The flowers are blooming in profusion, and it is all I can do to keep the weeds from overtaking everything.
Yesterday I rode to Joplin with my mother to visit the health food store and stock up on seaweed.
As we were making our way back through Seneca, Mo., a picturesque little town with lovely neat houses and brightly flowered yards, she told me that she was having trouble getting though a novel she was reading because the author seemed to mistake triteness for depth.
It is a common literary failing, these days, for authors (many of them in the MFA crowd, I'm sorry to say) to toss in a few heart-warming clichés with cursory observations of "real life" and present the resulting piece as some sort of spiritual revelation.
I try to forbear, but sometimes I become annoyed at these literary authors who think they have discovered some real deep truth and imagine that they can, in well-modulated tones complete with clever turns of phrase, enlighten their spiritually impoverished readers.
As an example, my friend JB and I attended a literary conference at which he was presenting a reading several years ago and we happened to attend the reading of a young author who was all the rage among the literary set at the time. This author, who had perfected the preferred literary reading tone – the calm voice . . . the . . . pregnant pause . . . the . . . measured . . . enunciation – read a story in which a man buys a trench coat at a second-hand store. The trench coat turns out to be God's trench coat, and the pockets are constantly filling with small bits of paper that have people's prayers on them. The man is eventually overwhelmed and we are left to presume that God had also been overwhelmed by the sadness and feckless pleadings of humanity and finally sold his trench coat on consignment. I guess.
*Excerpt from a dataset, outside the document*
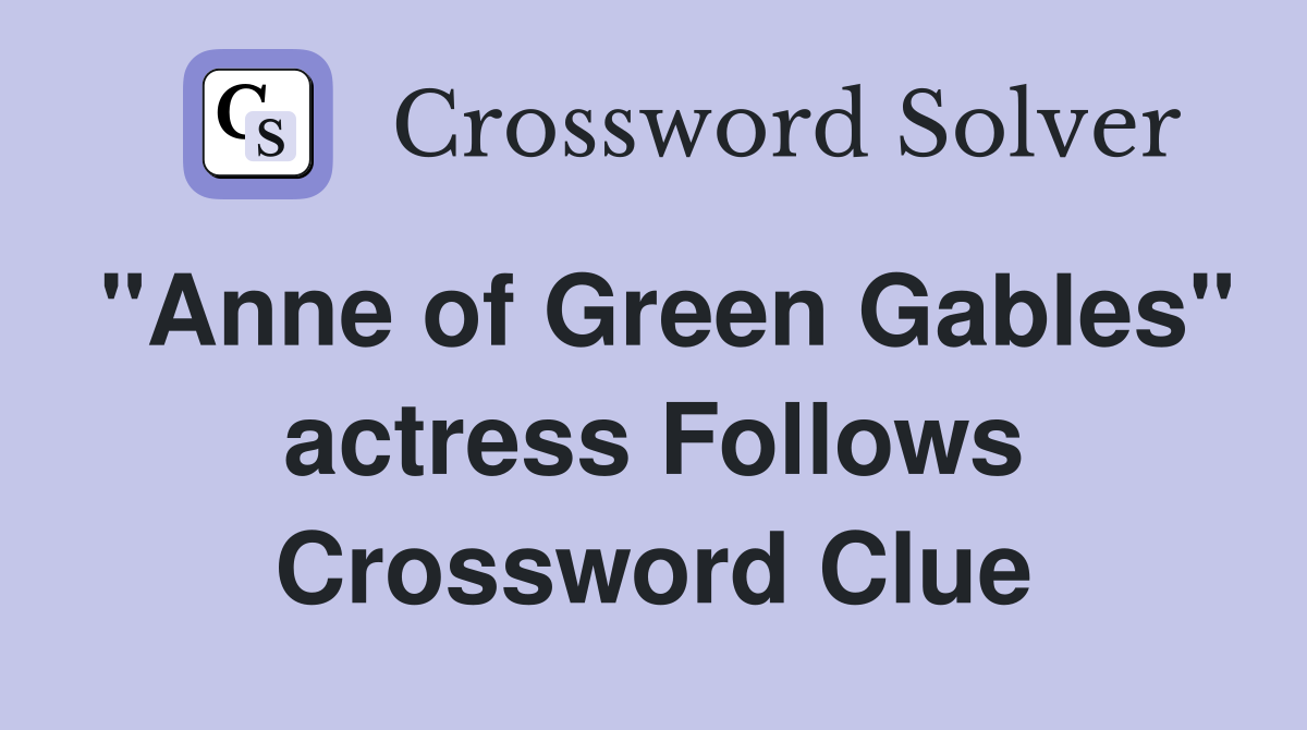 quot Anne of Green Gables quot actress Follows Crossword Clue Answers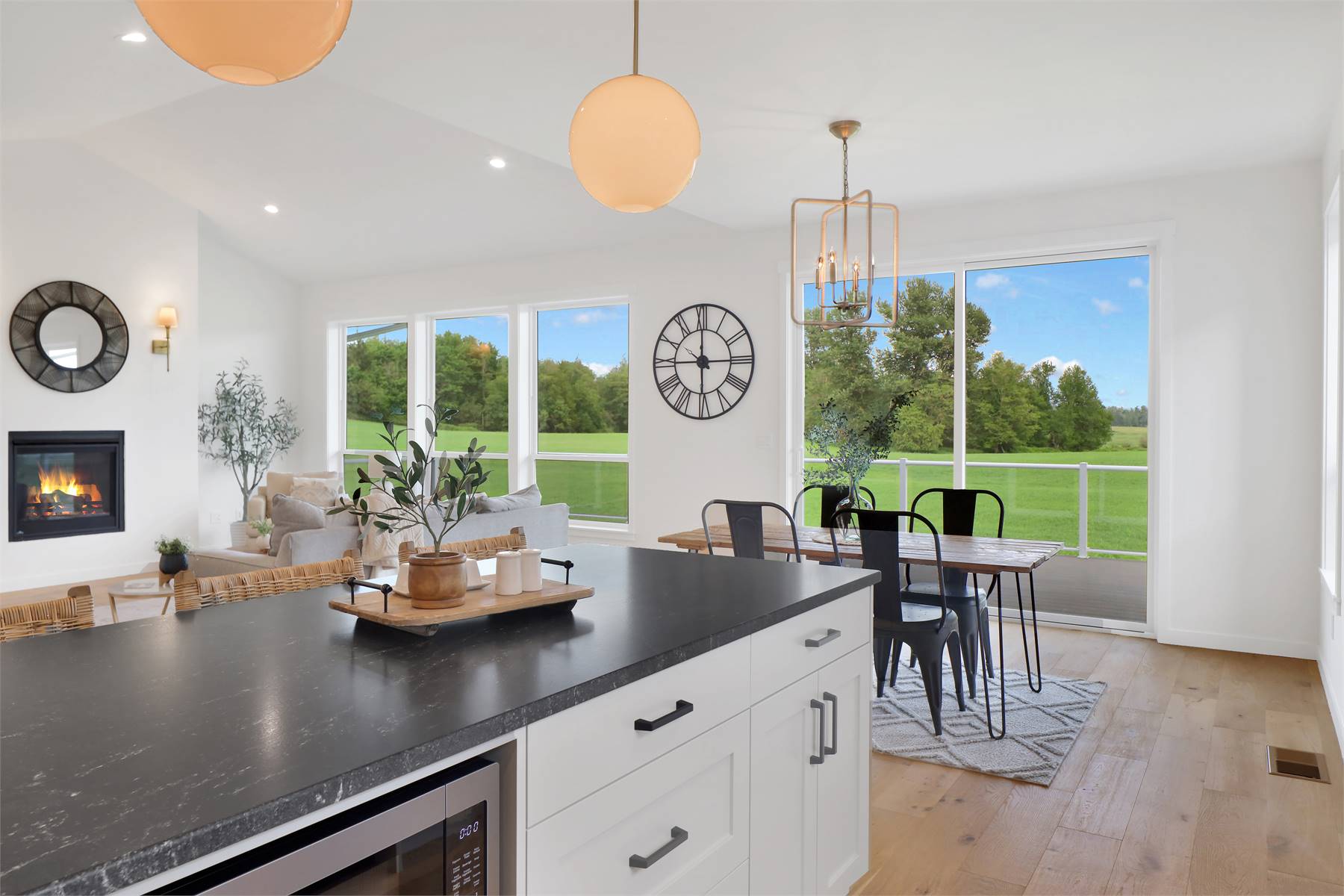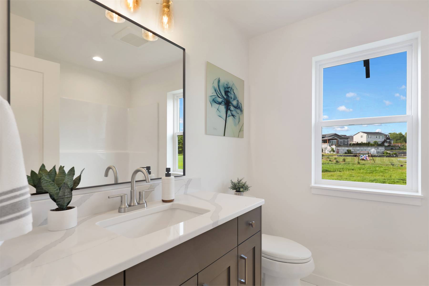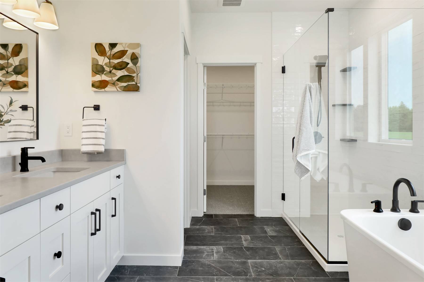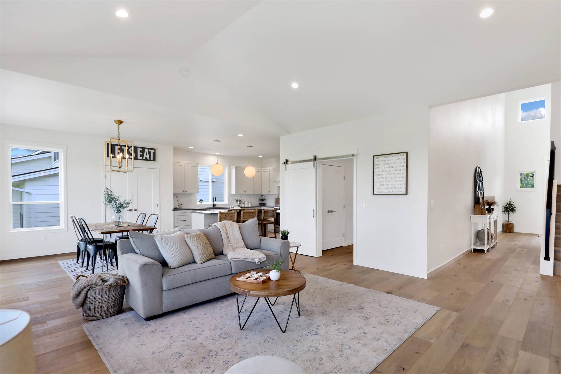 Enjoy this beautiful and contemporary farmhouse which is spacious and comfortable at 2,133 s.f. The first floor plan shows a great room, dining and kitchen open plan with vaulted ceilings which allows for free-flowing entertainment space. The large windows and sliding glass doors leading out to the rear deck will allow for alfresco dining. The master bedroom suite has dual sinks and separate water closet along with a very large walk-in closet. A first floor laundry and private office rounds out the main floor. The second level is where you'll find the large secondary bedrooms and bathroom.. The lower level is a walk-out basement which boasts a huge activity room that could be a media or entertainment space. The small kitchen area will help to make snacks readily available. The sliding glass doors allows access to the covered patio at the back of the home making access to the back yard easy. There is an optional/future space where you could add a bedroom and bathroom, making this perfect for the in-laws. This home is perfect for your growing family.

It is a singular sort of self-involvedness, I believe, that enables a person to anthropomorphosize God to such an extent that the Universal Creative Force becomes a man in a trench coat who can't cope with people's prayers.
Perhaps the story is so deep that I just couldn't fathom it.
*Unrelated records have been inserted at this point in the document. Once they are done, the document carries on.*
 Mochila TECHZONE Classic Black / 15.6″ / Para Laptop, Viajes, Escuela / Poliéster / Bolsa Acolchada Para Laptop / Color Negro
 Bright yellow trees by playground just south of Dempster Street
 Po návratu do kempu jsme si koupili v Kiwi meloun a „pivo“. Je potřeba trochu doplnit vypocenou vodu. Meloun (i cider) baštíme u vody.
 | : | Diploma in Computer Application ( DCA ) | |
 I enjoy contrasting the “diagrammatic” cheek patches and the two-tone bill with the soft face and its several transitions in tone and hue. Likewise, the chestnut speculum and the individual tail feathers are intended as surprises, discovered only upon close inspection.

However, I am always suspicious of anyone who thinks they can expose deep truths by explaining them in obvious terms as if to a fool.
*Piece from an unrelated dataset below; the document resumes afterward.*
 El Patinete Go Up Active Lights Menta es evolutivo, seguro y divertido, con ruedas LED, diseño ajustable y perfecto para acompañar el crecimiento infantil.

Rather than read in well-modulated tones, this author might have screamed, "Hey, you idiots, life is hopeless and God is weak!" Would it have been any less edifying?
Depth is never so obvious or easy to arrive at. Hence the word "depth" as opposed to "shallowness" – the cliché you may see on the surface.
Furthermore, I think the purpose of stories is not to preach or to blatantly spell out what the author believes is revelation.
Deep truths are ever subtle. They are buried quite far down, after all.
A good story should help the reader discover the truth within. It should unfold and allow each reader to find the level that he or she is able to grasp.